SIFT_ANTHROPIC_API_KEY=sk-ant-...
SIFT_MISTRAL_API_KEY=...

Settings priority: CLI flags > env vars > .env > sift.yaml > defaults. You can override anything from sift.yaml with a flag on any command.

2. Extract entities and relations

sift extract ./my-documents/
sift extract ./my-documents/ --ocr                  # local OCR via Tesseract
sift extract ./my-documents/ --ocr --ocr-backend gcv  # Google Cloud Vision OCR
sift extract ./my-documents/ --extractor pdfplumber   # legacy pdfplumber backend

Reads 75+ document formats — PDFs, DOCX, XLSX, PPTX, HTML, EPUB, images, and more.

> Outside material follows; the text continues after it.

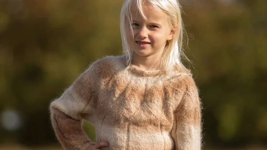 Preilide kampsunAutor: Hilja VäravasModell: Loviise | foto: Marika OhhaMahedas toonis alpaka- ja siidisegusest üleminekuga lõngast kootud kampsunil on armsad väikesed detailid. Pisikesed nupud allservas ja varrukaotstes ning õie kroonlehti meenutav passeosa on esialgu küll märkamatud, aga seda põnevam on mustrit lähemalt uurida.

Extracts entities and relations using your configured LLM. Results saved as JSON in output/extractions/.

The --ocr flag enables local OCR via Tesseract for scanned PDFs — no API keys or cloud services needed. You can switch OCR engines with --ocr-backend:

sift extract ./docs/ --ocr                          # Tesseract (default, local)
sift extract ./docs/ --ocr --ocr-backend easyocr    # EasyOCR (local)
sift extract ./docs/ --ocr --ocr-backend paddleocr  # PaddleOCR (local)
sift extract ./docs/ --ocr --ocr-backend gcv        # Google Cloud Vision (requires credentials)

It autodetects which PDFs need OCR — text-rich PDFs use standard extraction, only near-empty pages fall back to OCR. Safe for mixed folders. Without --ocr, sift will warn if a PDF appears to be scanned.

You can also switch the extraction backend entirely with --extractor pdfplumber for the legacy pdfplumber backend (PDF/DOCX/TXT/HTML only).

3. Build the knowledge graph

sift build

Constructs a NetworkX graph from all extractions. Automatically deduplicates near-identical entity names (plurals, Unicode variants, case differences) before they become graph nodes. Fixes reversed edge directions when the LLM swaps source/target types vs. the domain schema. Flags low-confidence relations for review. Saves to output/graph_data.json.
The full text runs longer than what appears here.